Plaintiffs also assert a claim for aiding and abetting a breach of a fiduciary duty as to Total Trial. A claim for aiding and abetting a breach of fiduciary duty requires "(1) a breach by a fiduciary of obligations to another, (2) that the defendant knowingly induced or participated in the breach, and (3) that plaintiff suffered damages as a result of the breach." Kaufman v. Cohen, 307 A.D.2d 113, 125 (1st Dept. 2003). There is sufficient evidence for a reasonable jury to determine that Total Trial participated in F&P and Finkelstein's breach of their fiduciary duties as Total Trial provided F&P with invoices that included the purportedly unreasonable fees and expenses that were ultimately paid by the Hardings.

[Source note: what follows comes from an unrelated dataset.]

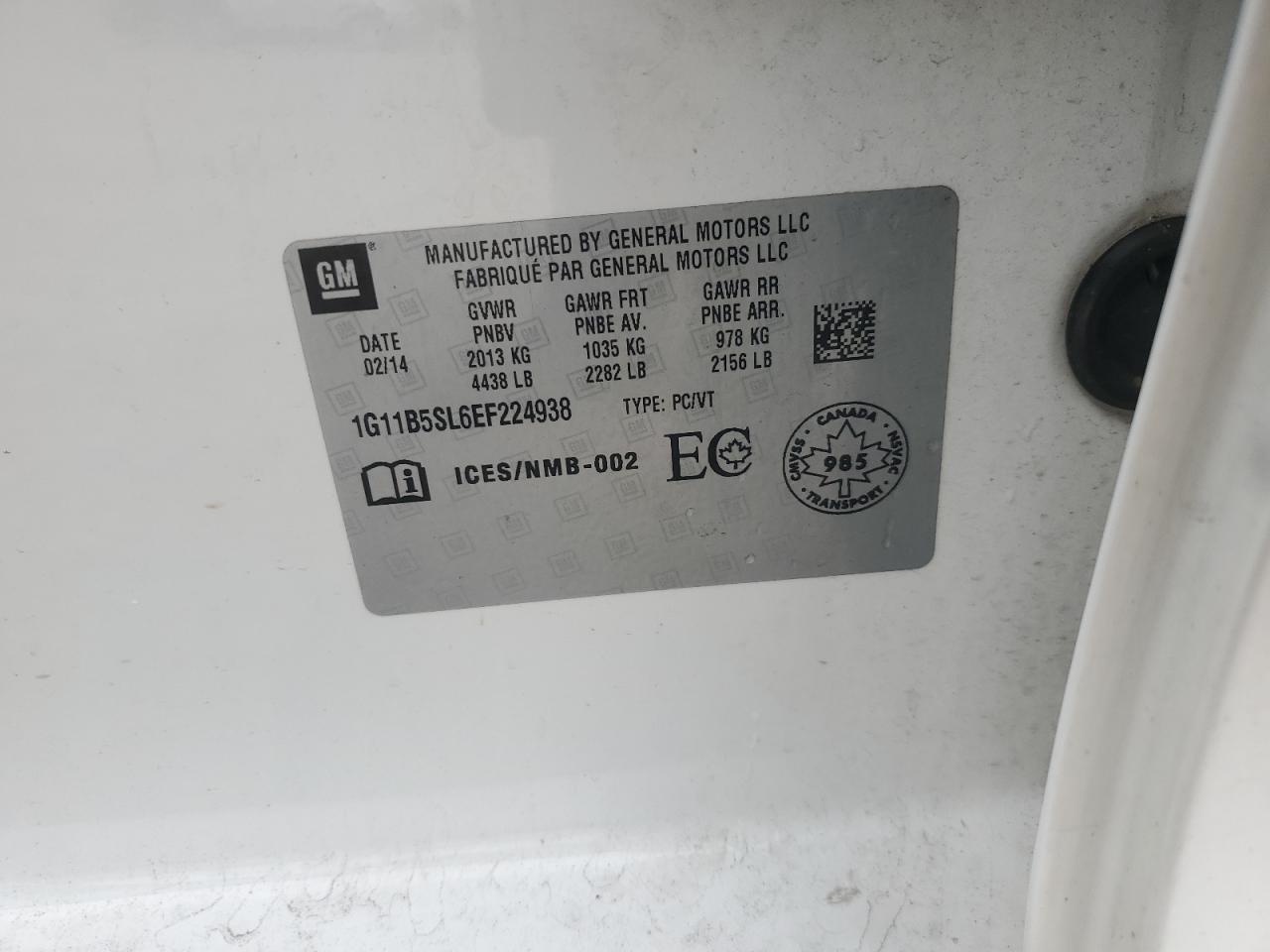 Колір БілийЦиліндри 4VIN 1G11B5SL6EF224938Стан Заводиться та їде (перевірено)Ушкодження Передня або задня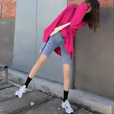 Pregnant women denim shorts spring and autumn thin wear black tight hole five-point pants fashion riding pants tide

Finally, Defendants argue that the fiduciary duty claim must be dismissed because it is duplicative of the Harding Plaintiffs' breach of contract claim. Def. Br. at 21. A claim for breach of a fiduciary duty "that merely restate[s] contract claims must be dismissed." Bullmore v. Ernst & Young Cayman Is., 45 A.D.3d 461, 463 (1st Dept. 2007). Professionals who owe fiduciary duties to their client, however, may be subject to tort liability independent from their contractual obligations as "it is policy, not the parties' contract, that gives rise to a duty of due care." Id. In such a situation, even if the underlying wrongful conduct is the same, a breach of fiduciary duty claim is not duplicative of a breach of contract claim. Id.; see also Sally Lou Fashions Corp. v. Camhe-Marcille, 300 A.D.2d 224, 225 (1st Dept. 2002) (explaining that "the same conduct which may constitute the breach of a contractual obligation may also constitute the breach of a duty arising out of the relationship created by contract but which is independent of the contract itself"). That is the case here. Thus, the Harding Plaintiffs' breach of fiduciary duty claim are not be dismissed as duplicative.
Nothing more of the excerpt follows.